October 3rd, 2009 No comments

The World Health Organization has on its website an article entitled Acupuncture: Review and Analysis of Reports on Controlled Clinical Trials (Link).  Not many western physicians are aware of this document and it’s recommendations.  It boggles my mind to no end how some folks can still, with a straight face, proclaim acupuncture as being effective only because of placebo effect.  For those who want to download, here’s a PDF.

The Document says,

People question whether acupuncture has a true therapeutic effect, or whether it works merely through the placebo effect, the power of suggestion, or the enthusiasm with which patients wish for a cure. There is therefore a need for scientific studies that evaluate the effectiveness of acupuncture under controlled clinical conditions.

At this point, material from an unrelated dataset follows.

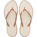 A Sandália Slim Point Bege Havaianas é a escolha perfeita para quem busca unir tendência, conforto e versatilidade em um único modelo. Com bico levemente pontudo, ela reinventa o clássico chinelo Slim e adiciona um toque fashion ao visual, seguindo as principais tendências da moda. O design moderno traz tiras finas com logo metálico, combinadas a tons suaves na sola e bordas laterais contrastantes, criando um efeito elegante e atual. Leve, prática e confortável, é ideal para acompanhar looks de verão na praia, em passeios ou no dia a dia, sempre com a qualidade e o conforto inconfundíveis da Havaianas.

I totally agree.  If only to silence skeptics.

This publication reviews selected studies on controlled clinical trials. Some of these studies have provided incontrovertible scientific evidence that acupuncture is more successful than placebo treatments in certain conditions. For example, the proportion of chronic pain relieved by acupuncture is generally in the range 55-85%, which compares favourably with that of potent drugs (morphine helps in 70% of cases) and far outweighs the placebo effect (30-35%) (1-3). In addition, the mechanisms of acupuncture analgesia have been studied extensively since the late 1970s, revealing the role of neural and humoral factors.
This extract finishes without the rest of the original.